Task to carry out - Your copy of the data should match it exactly, leaving out only the pictures.

#####

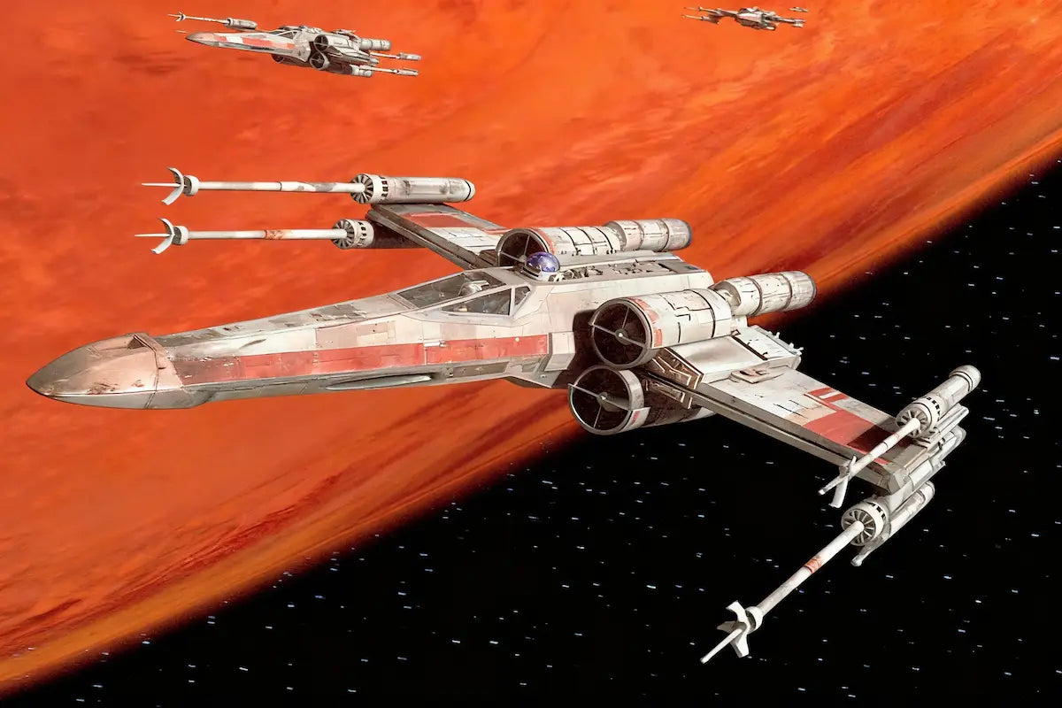 The bold, high-contrast sci-fi background complements the iconic silhouette of the USS Enterprise, creating a sense of motion and scale. When mounted, the model appears to be travelling at warp speed, bringing Starfleet engineering to life.
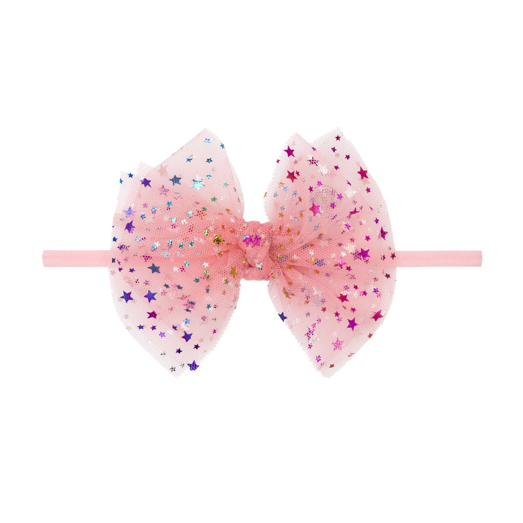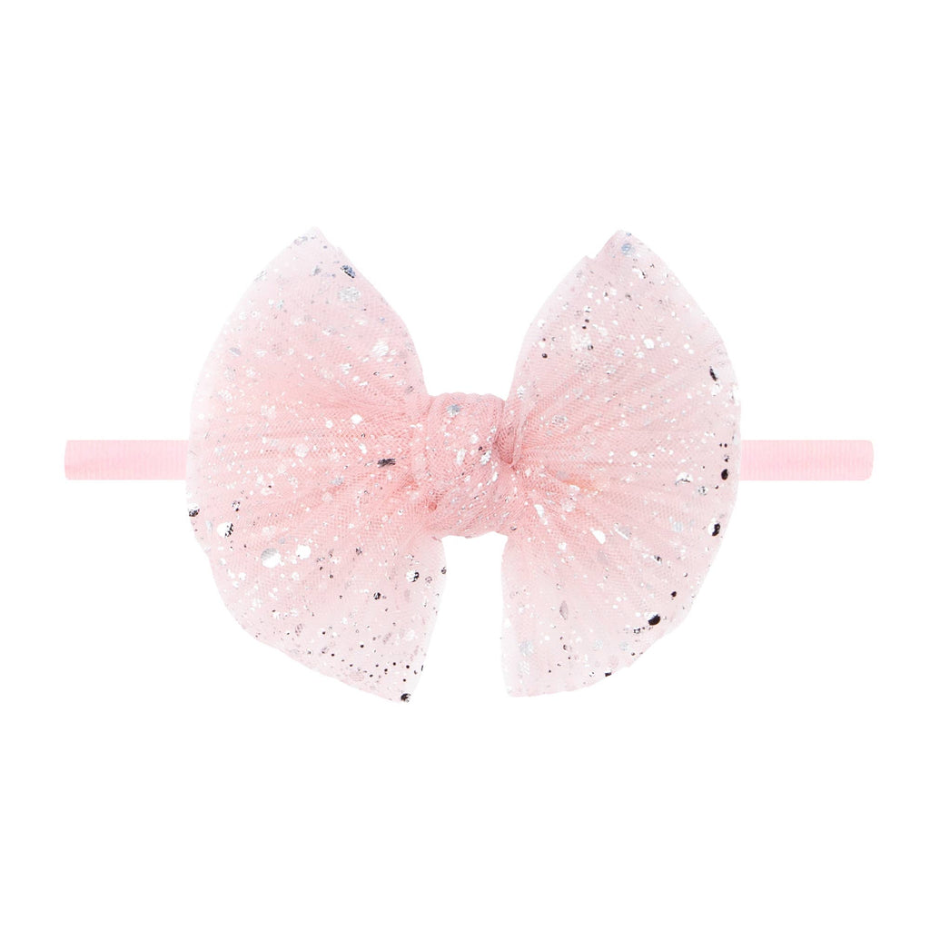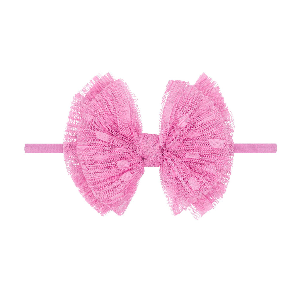 Baby Bling® Tulle FAB® Skinny nylon headband with tulle bow: Pleated Rose Quartz
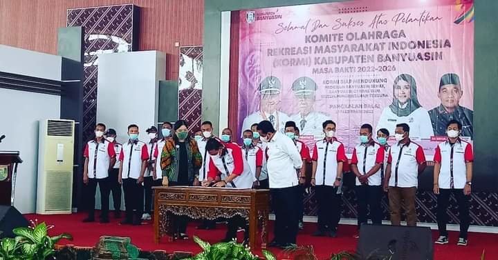 BANYUASIN.KRSumsel.com – Pengurus Komite Olahraga Rekreasi Masyarakat Indonesia (KORMI) Kabupaten Banyuasin Periode 2022-2026 dilantik ketua KORMI Provinsi Sumatera Selatan, Hj. Samantha Tivani, B.Bus, MIB, Herman Deru, Senin, (21/02/2022) di Geraha Sedulang Setudung kabupaten Banyuasin.
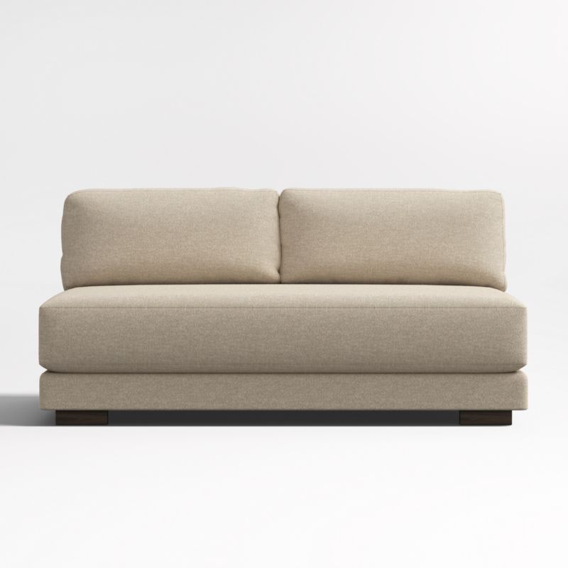 Inspired by modern European furniture design, our Horizon sectional sits low and relaxed while looking quintessentially contemporary. The armless sofa has a thick bench seat that sits deep with medium-soft cushioning. Pillow back cushions take a relaxed angle while providing comfortable support. Combine the armless sofa with other Horizon pieces to form a conversation-sparking sectional. Horizon is available in stock and custom fabric options.
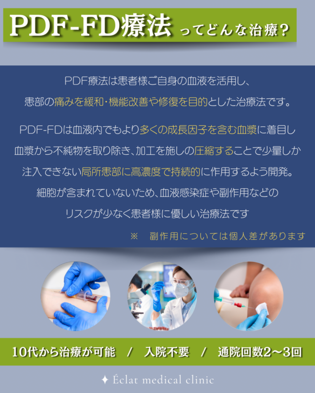 が対象となる治療法です。PDF-FDとは、血小板の働きを活用するPRP療法を応用した治療法で

#####

Task answer -
 The bold, high-contrast sci-fi background complements the iconic silhouette of the USS Enterprise, creating a sense of motion and scale. When mounted, the model appears to be travelling at warp speed, bringing Starfleet engineering to life.
 Baby Bling® Tulle FAB® Skinny nylon headband with tulle bow: Pleated Rose Quartz
 BANYUASIN.KRSumsel.com – Pengurus Komite Olahraga Rekreasi Masyarakat Indonesia (KORMI) Kabupaten Banyuasin Periode 2022-2026 dilantik ketua KORMI Provinsi Sumatera Selatan, Hj. Samantha Tivani, B.Bus, MIB, Herman Deru, Senin, (21/02/2022) di Geraha Sedulang Setudung kabupaten Banyuasin.
 Inspired by modern European furniture design, our Horizon sectional sits low and relaxed while looking quintessentially contemporary. The armless sofa has a thick bench seat that sits deep with medium-soft cushioning. Pillow back cushions take a relaxed angle while providing comfortable support. Combine the armless sofa with other Horizon pieces to form a conversation-sparking sectional. Horizon is available in stock and custom fabric options.
 が対象となる治療法です。PDF-FDとは、血小板の働きを活用するPRP療法を応用した治療法で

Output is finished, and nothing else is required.